Первый поезд должен был отправиться из С.-Петербурга и из Москвы одновременно, в 11 часов. Ненастное и темное, почти как ночь, утро не помешало огромным массам народа столпиться к этому времени на станции и вокруг нее. То же самое происходило и в Москве, где любопытство возбуждено было еще в высшей степени, ибо у нас, по опыту сообщения с Царским Селом и Павловском, по крайней мере знали уже давно, что такое железная дорога, а там она представлялась совершенною новизною. Публика ждала молебствия или освящения нового пути, но их не было, за совершением уже этого обряда перед царскою поездкою.
— Да и зачем служить молебен? — говорили остряки. — Скорее придется отслужить в Москве панихиду!
Наконец, вместо 11 часов, поезд, под предлогом новости дела, тронулся в 20 минут 12-го и достиг места назначения совершенно благополучно, но тоже, вместо 5 часов утра, как следовало по положению, только в 9[257]
. Московский поезд, со своей стороны, двинулся тоже в 12-м часу и прибыл сюда в половине 10-го. Пассажиров на этот раз было, по соразмерности, конечно, немного, и с обеих сторон почти равное число. Из Петербурга выехало: на первых местах 17, на вторых 63 и на третьих 112, всего 192; из Москвы же приехало всех 134. В противность предсказаниям скептиков, все оказалось прекрасным: и вагоны, и станционные дома, и прислуга. Цены были определены с первого дня следующие: за первое место 19, за второе 13, за третье 7 руб. серебром.Таким образом, в течение менее года совершились два огромные события, одно многознаменательное для Северной столицы, другое и для нее, и для Москвы, и для целой России: открытие Благовещенского моста, откинувшее все ужасы весенних и осенних сообщений через Неву в область преданий, и открытие С.-Петербурго-Московской железной дороги, перенесшее, как некогда при первой мысли о том выразился император Николай, Москву в Кронштадт и обратно.

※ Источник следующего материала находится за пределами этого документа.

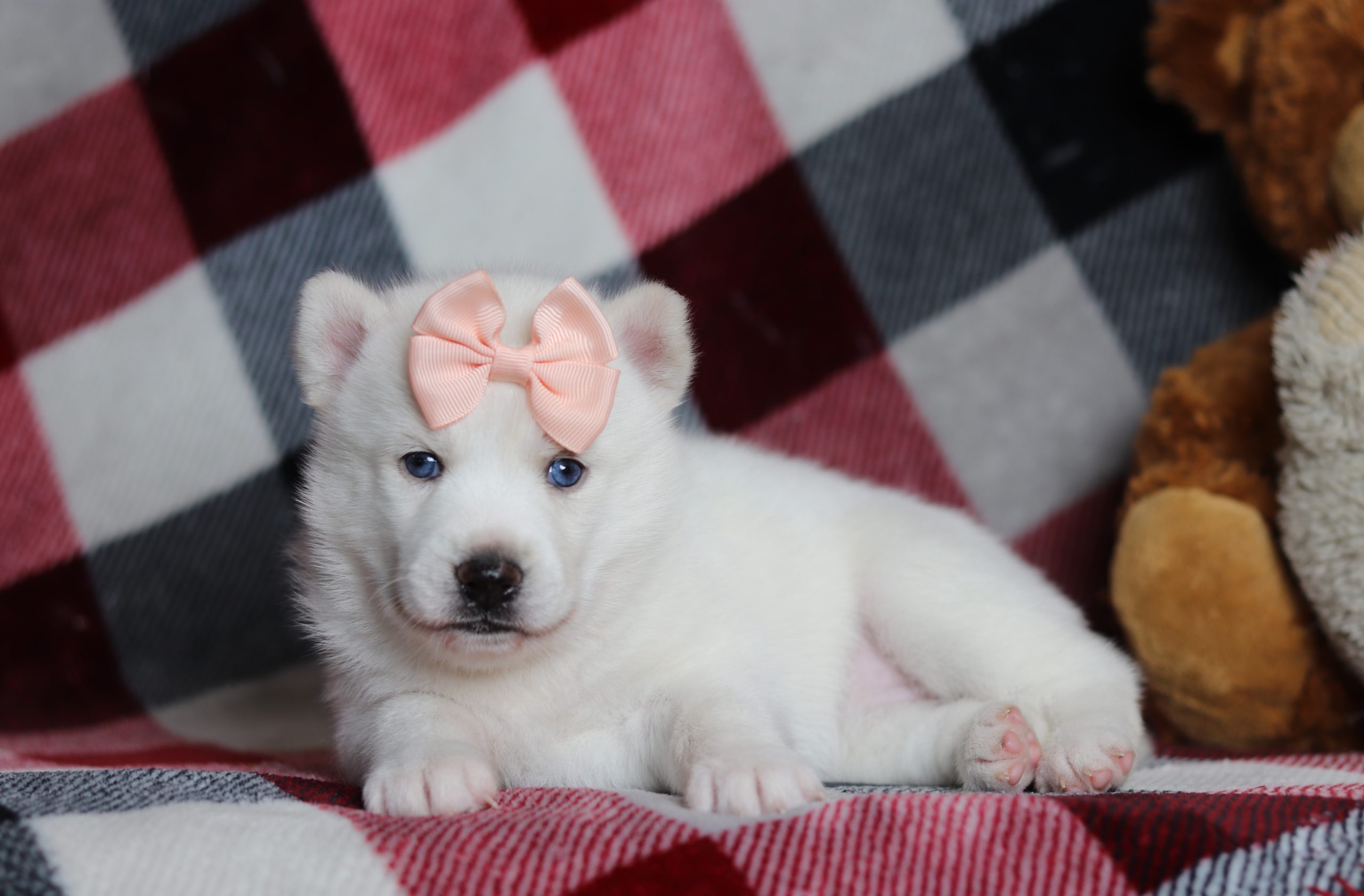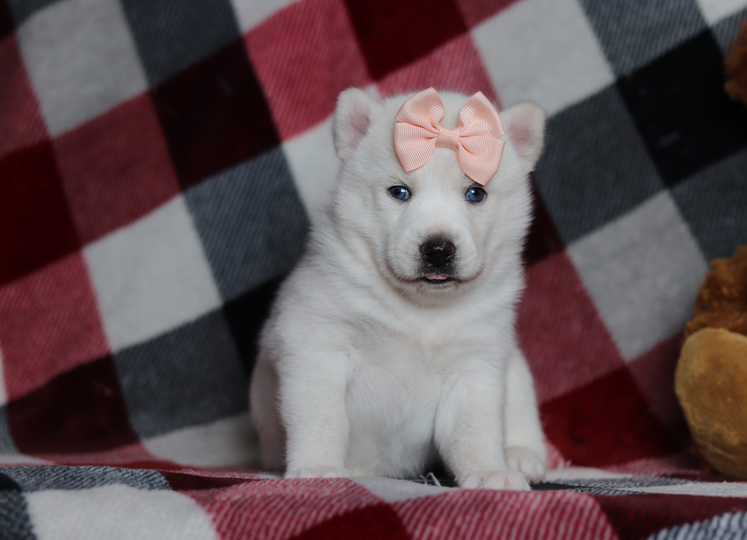 Grace, the pomsky, girl is very alert and won’t miss a beat! She is a happy go lucky little girl and loves excitement! She has a beautiful fluffy hair coat! Her caring eyes and cute little nose will be sure to steal your heart! Enjoys playtime and also loves to be held! She’s an all around cutie!

После всех исполинских подвигов славного царствования это был достойный венец его двадцатипятилетия!
По возвращении моем из-за границы, я 23 сентября был приглашен императрицею к обеду в Царское Село. Государь, как я уже писал, в начале этого месяца поехал в Луцк, Елисаветград и Киев, и по маршруту ожидали его возвращения только через день, т. е. 25 числа. За столом, сверх императрицы, цесаревича и его супруги, находились: министр двора князь Волконский, генерал-адъютант граф Пален, прусский министр Рохов и я, всего семь человек; но оставался еще пустым восьмой прибор, поставленный для великого князя Константина Николаевича, который только перед самым обедом прислал сказать из Павловска, что почему-то не может быть.
Итак, мы сели, кончили устерсы и суп и уже принимались за говядину, как вдруг тихо отворилась задняя дверь во внутренние комнаты, и из нее выглянул — государь, которого, хотя он обыкновенно предупреждал маршрутные сроки, в эту именно минуту никто не ожидал.
Императрица вспорхнула, как птичка, с своего места, и все мы, разумеется, тоже тотчас вскочили из-за стола. Пошли семейные объятия, расспросы, точно в частном быту; прибежали немедленно и дети цесаревича и повисли на шее у дорогого дедушки… Впервые еще случилось мне быть свидетелем такой фамильной сцены в царственном доме, и перед величественною простотою этой картины я едва мог удержаться от слез.
Рохова, проведшего лето на франкфуртском сейме, государь также обнял, а нам, остальным, ласково поклонился, назвав каждого поименно.
Потом сели опять за стол, накрытый, как я уже сказал, будто нарочно на восьмерых. Хозяин, как был, в дорожном сюртуке, поместился возле хозяйки, мы спустились каждый ниже на один прибор, и обед начался сызнова. Государь казался чрезвычайно утомленным и прямо в том сознавался, рассказывая, что всего только четверо суток с четырьмя часами как выехал из Елисаветграда, да и из этого времени одни сутки провел еще в Киеве.
— Где не было шоссе и по пескам, — говорил он, — мы (т. е. он с графом Орловым) никак не успевали сделать в сутки более 340 верст; но на шоссе, как посмотрели сегодня при утреннем чае, сколько проехали от вчерашнего, т. е. в 24 часа, вышло 480 верст.
Боже мой! — подумал я, какая беспрерывная нить опасностей для этой дорогой жизни! И когда каждый из нас, после такого полета и стольких бессонных ночей, тотчас залег бы спать, этот человек, составлявший во всем изъятие, едва сев за стол, послал фельдъегеря в Павловск сказать Константину Николаевичу, чтобы отнюдь не приезжал сам, а ждал бы его.
— Когда закончится ужин, — прибавил он, — я приведу себя в порядок и пойду поцеловать малютку (родившуюся в его отсутствие великую княжну Ольгу Константиновну) et la maman.